When you repeat the listing below, keep every word exactly and leave out each picture.

» **INFORMATION PROVIDED**
################

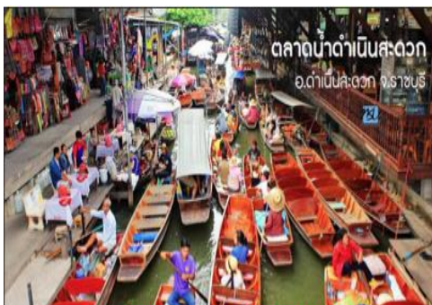
Damnernsaduak Floating Market

Tour Excluded: Personal expenses / Option Tour
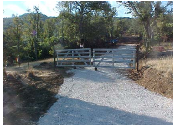
Completed New Access Road
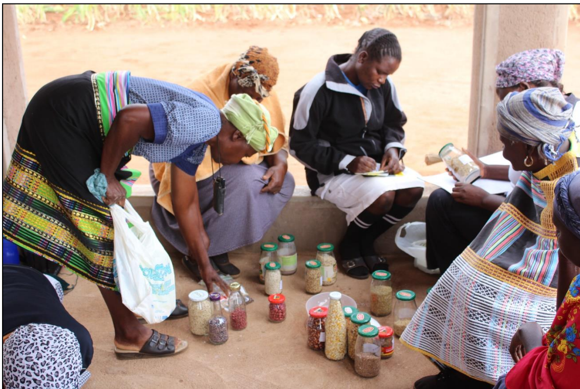
Photo 5: Gumbu community seed bank members register new accessions.

################

» **YOUR SOLUTION**
Damnernsaduak Floating Market

Tour Excluded: Personal expenses / Option Tour
Completed New Access Road
Photo 5: Gumbu community seed bank members register new accessions.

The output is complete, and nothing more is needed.